This is only the tip of the iceberg. Do not feel limited to using amend and insert as ending functions. A whole host of others could be useful: join functions, merge functions, even setNames.
Here, we will suffix the names of all the variables within the context of a chain.
example %>%
mutate(group = group + 1) %>%
loop$begin() %>%
names %>%
paste0("Suffix") %>%
loop$end(setNames) %>%
kable
| idSuffix | toFixSuffix | groupSuffix |
|---|---|---|
| 1 | 0 | 2 |
| 2 | 0 | 2 |
| 3 | 1 | 2 |
| 4 | 1 | 1 |
Here, we will double the data.
example %>%
mutate(replication = 1) %>%
loop$begin() %>%
mutate(replication = 2) %>%
loop$end(bind_rows) %>%
kable
| id | toFix | group | replication |
|---|---|---|---|
| 1 | 0 | 1 | 1 |
| 2 | 0 | 1 | 1 |
| 3 | 1 | 1 | 1 |
| 4 | 1 | 0 | 1 |
| 1 | 0 | 1 | 2 |
| 2 | 0 | 1 | 2 |
| 3 | 1 | 1 | 2 |
| 4 | 1 | 0 | 2 |
Loops within loops are in fact quite possible. I would be cautious using them. It can be exhilarating, but make sure to indent each loop carefully. Also, it is a good idea to give a name to each loop. This allows one to interpret loop$stack for debugging.
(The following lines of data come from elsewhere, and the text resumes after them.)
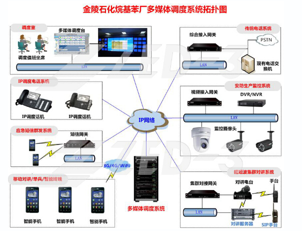 通過對金陵石化烷基苯廠的實地調(diào)研以及對其調(diào)度系統(tǒng)需求的深入了解,捷思銳科技提供了一套基于NGN架構(gòu)的多媒體調(diào)度系統(tǒng),它不僅支持豐富的多媒體調(diào)度功能,還可以與28181視頻監(jiān)控平臺、視頻會議系統(tǒng)、常規(guī)對講網(wǎng)絡、PSTN電話、運營商短信等網(wǎng)絡充分融合,實現(xiàn)烷基苯廠所有音視頻系統(tǒng)的整體融合。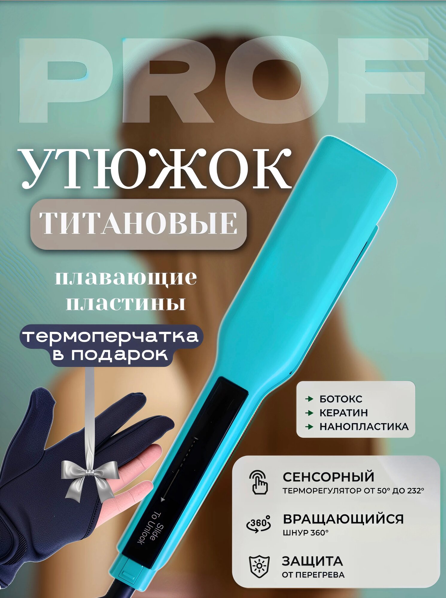 Утюжок для кератина сенсорный Широкие титановые пластины, 232С, Бирюза+ подарок термоперчатка: сравнение цен, характеристики, фото, актуальное наличие и цены.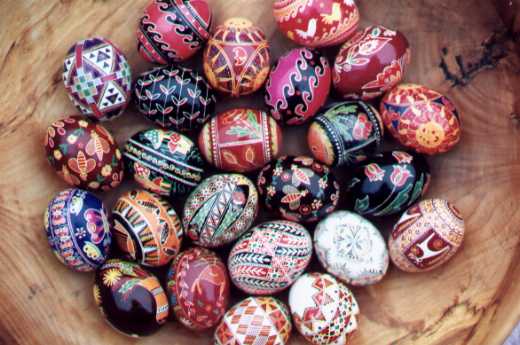 Pysanky are the colourful decorated eggs made with beeswax and dyes in a technique akin to batik. The tradition started in Ukraine in ancient pagan times. The name pysanky (singular pysanka) is derived from the Ukrainian verb pysaty – to write. It is pronounced PIH-sahn-kih (with the emphasis on the first syllable “PIH”). Similarly, the singular decorated egg is the word “pysanka” and it is pronounced PIH-sahn-kah.

Here is a quick example that filters the data, replicates the columns, and then re-merges.
example %>%
loop$begin(name = "original") %>%
filter(group == 1) %>%
loop$begin(name = "filtered") %>%
names %>%
paste0("Extra") %>%
loop$end(setNames) %>%
rename(id = idExtra) %>%
loop$end(amend, by = "id") %>%
kable
## Joining by: "id"
| id | toFix | group | toFixExtra | groupExtra |
|---|---|---|---|---|
| 1 | 0 | 1 | 0 | 1 |
| 2 | 0 | 1 | 0 | 1 |
| 3 | 1 | 1 | 1 | 1 |
| 4 | 1 | 0 | NA | NA |